Debt Collection
A lot of litigation is about collecting debts. The defendant promised to pay money and then they didn’t. Courts provide a mechanism to collect on debts when debtors do not pay voluntarily. This allows organizations to extend credit, knowing that they have some recourse if the debtor defaults. And it provides a safe alternative to the way that loan sharks enforce loans through violence.
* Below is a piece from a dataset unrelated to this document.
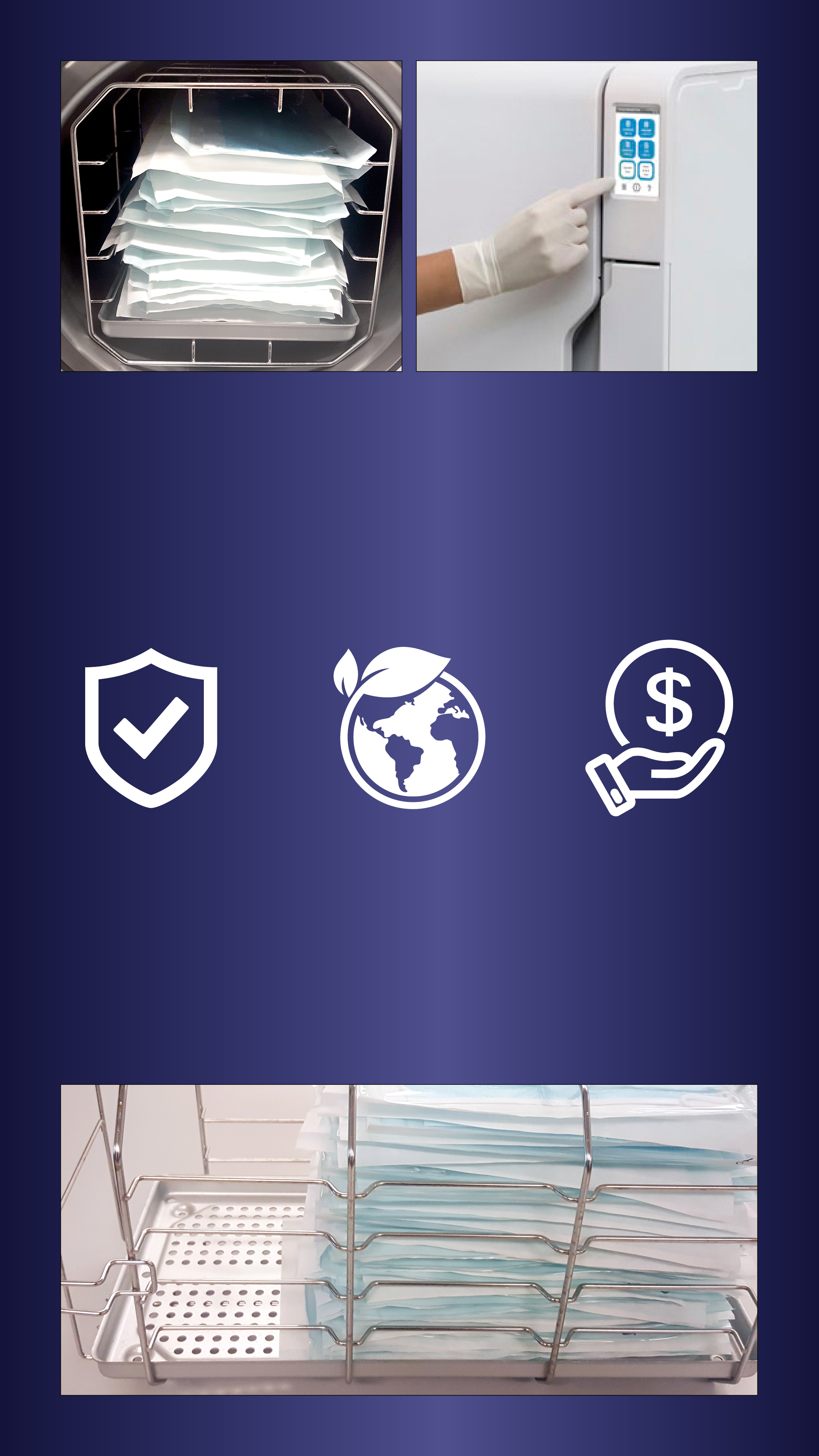 With optimal loading in a W&H Sterilizer, approx. 40 to 60 masks can be reprocessed per one sterilization cycle (depending on masks, on their size and loading scheme). For reprocessing and the safe reuse or extended use protective masks, please always refer to the manufacturer’s instructions for use as the principle sources of information and recommendations.

But it still requires work and technical skill, and it doesn’t always result in recovering the amount due.
Why should you read this post about debt collection?
I owe you money and you want to know what I expect you to do.
You’re curious what happens when people don’t pay their bills.
You want to know why the letter “b” is in the word debt and are hoping that this post answers that question. (It doesn’t, but this post does).
Image credit: https://en.wikipedia.org/wiki/Global_debt#/media/File:Usa_national_debt_20_April_2012.JPG
Creditors Can Only Collect Money the Debtor Has
A major reason why some people don’t pay their debts is that they don’t have the money. True, some people are crooks that want to cheat others. And others are just plain unreasonable. But many people would love to pay their debts, if only they had the money, which they don’t.
Suing people with no money is often useless. Even if you win and get a judgment, the judgment may be worthless if there are no assets to collect. That is why people with no assets are called “judgment proof.” A creditor could wait to see if they obtain assets later on, or garnish their wages, or look to see if they transferred their assets to others. But often, there may not be anything to justify the time and expense of the debt collection process.
To avoid this situation, it is important to make sure that creditors only extend credit to people who are likely to have assets to collect. Many people take collateral and register a secured interest in the collateral to make sure that it can be used to satisfy a judgment. Or they may hold on to specific money or property to make sure that their debts will be paid. Or they may require the debtor to take on insurance or have a guarantor so that, if the debtor defaults, an insurance company or guarantor can pay the amount due.
There are Accelerated Procedures
Readers of this blog know that American lawsuits have numerous procedural steps that may cause litigation to go on for years. But many courts have expedited procedures for debt collection since the issues may be narrower than in many other kinds of disputes.
In New York, a creditor who is collecting on a promissory note may start a lawsuit through a procedure called Summary Judgment in Lieu of Complaint pursuant to CPLR 3213. Instead of filing a complaint, the petitioner can skip past the answer and discovery phase and go straight to the summary judgment phase, presenting evidence of an unpaid debt, and unless the respondent can demonstrate some dispute of fact, the petitioner may get a judgment.
Also, New York provides a cause of action for “account stated.” Unlike a traditional breach of contract claim, a plaintiff in an account stated claim may allege that she sent an invoice to a customer, who did not timely dispute or pay the invoice. That alone may be sufficient to support a judgment. This is why it is important for customers to promptly challenge invoices they dispute or risk liability for an account stated claim.
Debt Collection Costs Money
Even with accelerated procedures, debt collection costs money. Someone needs to prepare the papers and hire a process server to serve them on the defendant. There may still be court appearances and, even if you get a judgment, someone needs to find the defendant’s assets and execute the judgment.
As a result, it may not make economic sense to sue to collect on small debts. Small claims court exists to help people settle small disputes, but if people do not pay voluntarily, it may cost thousands or tens of thousands of dollars to collect a debt. Spending that much money to collect a few hundred dollars means a net loss for the creditor.
This is why many creditors sell their debts to professional debt collectors, who call and mail people to collect on debts, or who make reports to credit agencies, rather than go straight to court. This is also why people put fee shifting provisions in contracts, making the debtor responsible for the creditor’s costs in collecting the debt.
Large institutions, however, have to collect debts. Utility companies and credit card companies, for example, routinely collect hundreds of dollars from people who do not pay. They make it work economically because they can employe one lawyer to handle a large number of nearly identical claims at once; this way the marginal cost of each is low. People who go to calendar call days at a county court may see the same lawyer representing a utility company appear numerous times, collecting debts from account holders who did not pay their bills.
It Can Get Complicated and the Creditor Itself May Become the Subject of Allegations, Investigations, and Proceedings
Just because a creditor thinks a case is straightforward, however, may not mean that the debtor agrees. The debtor may have a complicated story about why she did not pay: the goods were defective or the creditor engaged in fraud. Claims like these may turn a simple debt collection case into a complicated lawsuit about the debtor’s allegations.
Further, consumer protection statutes govern how debt collectors can collect on debts. Notably, the Fair Debt Collection Practices Act governs how debt collectors can speak to debtors and prohibiting abusive and harassing tactics. Violating these laws may subject debt collectors to a government investigation by agencies like the Federal Trade Commission and to private lawsuits.